Here is my take on the top reasons for failure of initiatives expressed at both the Summit and the Exchange plus the “must have” critical success factors.

Failure factors:

  1. Politics – not being able to align senior cohorts in the business to the correct North Star. Executives have different priorities and may want to move the business in different directions so it is critical that the senior management team move towards the same aspirational vision of the future setting out what does success look like, how do we know when we have achieved it and how do we measure success.
  2. Prioritization – it was said that many businesses have so many fires to put out it’s difficult to decide which one to put out first. One expert proposed that the initiative focusses on the biggest problem.  What no-one suggested, and what was surprisingly absent, was the focus on the Voice of the Customer.  A company can have the best quality product, at the lowest price with the fastest delivery but none of that matters if the customers are not happy.  Conversely, if a company has poor quality product, at the highest price with the slowest delivery, none of that matters if the customers are happy.  The priority for transformation initiatives has the be the Voice of the Customer.
  3. Planning – often doesn’t consider external forces, contingency for failure, communication for change plans, knowledge transfer and capability development plans to meet the future business skills sets. One of the main pain points is initiative fatigue.  Project tasks are often assigned to overloaded, under resourced teams because of the absence of resource planning.  Team members view the additional workload as a chore rather than an exciting opportunity to improve.
  4. Delivery – the activities identified in the road map have to be delivered to scope, in full, on time and within budget. Many enterprise-wide change programmes fail because of the lack of resolution of the pain points or the absence of the critical success factors.  Tasks are often poorly managed and poorly delivered or even left unfinished because of changes in priority.

 

The critical success factors:

  1. Four Pillars of Change Management – Any Business Transformation Initiative must have the framework of the Four Pillars to work within:
    1. The burning platform or compelling case for change. Participants must understand why we have to change.
    2. The Aspirational Vision of the Future. This has to be something that everyone in the business can buy into and wants to be part of.
    3. The Road Map. Participants need to understand how we are moving from the current situation to the Aspirational Vision of the Future.
    4. The Team. Everyone has to have confidence that the team can lead the business through the road map to achieve the Aspirational Vision of the Future

If we don’t have this framework, it’s easy to understand why we see the failure faults described above.

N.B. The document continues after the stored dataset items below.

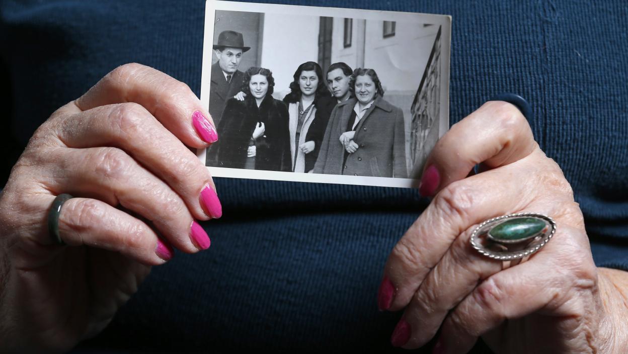 Eržbet Brodt (89), drži sliku njene porodice, koja je ubijena u logoru kada je ona imala 17 godina. Seća se putovanja do logora, bolesti i užasne smrti koje je videla tamo.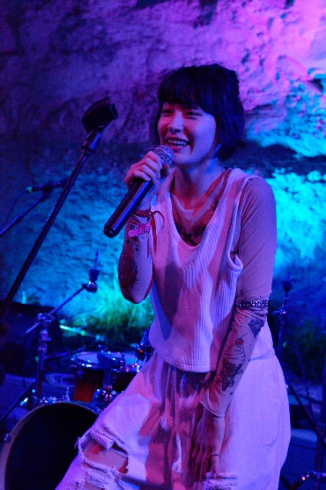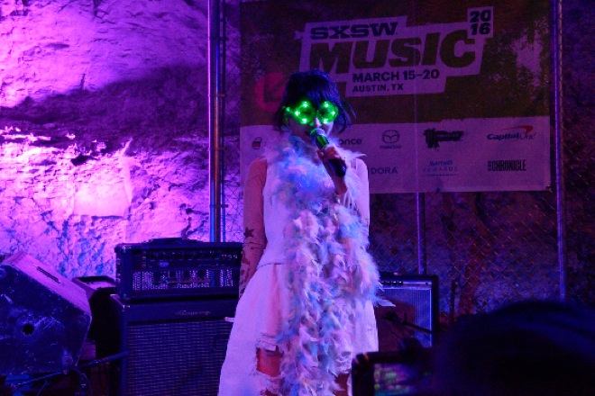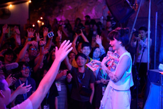 そして3月15日22:00に「Cheer Up Charlie’s」で本番がスタート。「ナポレオン」がはじまるとステージ後方のライブ会場入口から、お神輿に乗ってコムアイが登場し、会場に歓声が沸き起こった。続いて「ユタ」を歌いあげると、ここでコムアイから英語で「みんな、ありがとう。今、東京でアルバムをつくっているの。次のアルバムは6月にワーナーミュージック(Atlantic)からリリースします。」とメジャーリリースの決定が発表され、アルバムに収録予定の新曲「チュパカブラ」をライブ初披露した。
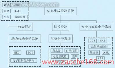 ;儀表顯示的信息來源于動力傳動電子系統(tǒng),將駕駛信息集中顯示于儀表盤,顯示駕駛過程中與客車行駛有關(guān)的信息量,如車速、轉(zhuǎn)速、里程、油量、水溫、故障報警等;安全與底盤電子系統(tǒng)包括abs(anti-lock brake system 防抱死制動控制)、asr(anti-slide retractor驅(qū)動防滑控制)、sab(safety air bag安全氣囊控制)、ccs(cruise control system巡航控制)、緩速器、懸架系統(tǒng)控制等;信號控制與車身電子系統(tǒng)組成單元有關(guān),控制著自動門窗、車燈、空調(diào)、刮水器、音像設(shè)備、電子監(jiān)視器、電動后視鏡、車頂窗。

  1. Sponsorship – the sponsors have to believe in the successes that can be achieved during the journey and must be willing to commit to the investment required and authorize the release of funding.
  2. Governance – there has to be a rigorous governance model that reports progress accurately and can calculate the ROI.
  3. Ownership – people at all levels of the organization have to be engaged to the extent where they happily take ownership and accountability for necessary activities set out in the road map.

 

Sadly, the Summit and the Exchange are finished but it is not the end of the mutually beneficial relationships we have created.  I look forward with enthusiasm to continuing the conversations we have started.